Ive been thinking of getting an old NGP but the games are fairly  hard to get, is there a decent affordable flashcart out there for this unit?


----------



## subcon959 (Feb 12, 2021)

Your choice is either the Flash Masta ($60) or GameDrive ($95)

The cheaper one can only hold one game at a time, whereas the other is the more typical kind with SD card and menu system.


----------



## Meegol (Feb 12, 2021)

subcon959 said:


> Your choice is either the Flash Masta ($60) or GameDrive ($95)
> 
> The cheaper one can only hold one game at a time, whereas the other is the more typical kind with SD card and menu system.


yikes, I bought an everdirve for gba and the gbc but i cant justify it for the NGP, the library is too small, 45 US games and only about 1/3rd are decent...


----------



## subcon959 (Feb 12, 2021)

Meegol said:


> yikes, I bought an everdirve for gba and the gbc but i cant justify it for the NGP, the library is too small, 45 US games and only about 1/3rd are decent...


If you think about it the price is actually more reasonable than the GBC everdrive.

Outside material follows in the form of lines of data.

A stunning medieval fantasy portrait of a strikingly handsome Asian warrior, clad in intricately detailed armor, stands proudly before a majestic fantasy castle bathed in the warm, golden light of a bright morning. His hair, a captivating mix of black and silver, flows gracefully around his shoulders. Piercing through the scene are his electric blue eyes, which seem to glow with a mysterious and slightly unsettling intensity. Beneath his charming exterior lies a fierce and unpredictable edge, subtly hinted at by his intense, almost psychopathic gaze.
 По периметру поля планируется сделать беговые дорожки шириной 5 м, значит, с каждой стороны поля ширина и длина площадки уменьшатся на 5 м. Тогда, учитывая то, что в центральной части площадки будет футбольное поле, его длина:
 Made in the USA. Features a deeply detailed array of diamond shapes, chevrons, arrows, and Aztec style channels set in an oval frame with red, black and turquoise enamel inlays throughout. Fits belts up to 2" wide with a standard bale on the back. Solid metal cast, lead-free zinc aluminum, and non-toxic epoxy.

I always go by how many games could I buy for the same price, in the NGPC case it's barely one.


----------



## Meegol (Feb 25, 2021)

subcon959 said:


> If you think about it the price is actually more reasonable than the GBC everdrive. I always go by how many games could I buy for the same price, in the NGPC case it's barely one.

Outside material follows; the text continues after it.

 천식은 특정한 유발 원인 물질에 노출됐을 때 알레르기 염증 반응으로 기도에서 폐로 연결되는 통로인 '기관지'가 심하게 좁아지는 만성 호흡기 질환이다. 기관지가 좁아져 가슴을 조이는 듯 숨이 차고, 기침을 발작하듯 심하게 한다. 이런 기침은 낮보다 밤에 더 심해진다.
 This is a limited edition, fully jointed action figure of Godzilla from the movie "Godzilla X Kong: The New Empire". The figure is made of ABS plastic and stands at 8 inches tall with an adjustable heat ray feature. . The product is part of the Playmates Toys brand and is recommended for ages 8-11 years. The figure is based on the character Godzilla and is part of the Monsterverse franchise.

i guess i ate my words. I ended up buying a Game Drive.


----------



## subcon959 (Feb 25, 2021)

Let me know how you like it. I've had a Flash Masta for years but hardly use it due to the hassle of uploading games from PC every time I want to swap.


----------



## Meegol (Feb 26, 2021)

subcon959 said:


> Let me know how you like it. I've had a Flash Masta for years but hardly use it due to the hassle of uploading games from PC every time I want to swap.


welp there are detailed reviews on YT, but I like it because i never have to remove the cart from the NGP. You can flash about 5-7 games based on how big the files are, and if you choose to erase a game and flash a  new one you dont lose you save game which is cool. I really plan to play on my NGP when I get it modded soon.


----------



## subcon959 (Feb 26, 2021)

There's a great new Retro Pixel screen that is nice and big. I've got the older one which is much smaller and needs a bezel to cover the gap. It's still pretty good though.

https://gbatemp.net/threads/ngpc-backlit-lcd-mod.550305/


----------



## Meegol (Mar 2, 2021)

subcon959 said:


> There's a great new Retro Pixel screen that is nice and big. I've got the older one which is much smaller and needs a bezel to cover the gap. It's still pretty good though.
> 
> 
> https://gbatemp.net/threads/ngpc-backlit-lcd-mod.550305/


right, I only have slim ngp's so im waiting for those models to come out, the ebay dude said they should be out this month, but we'll see. BennVenn also said he's releasing his own screen very soon.


----------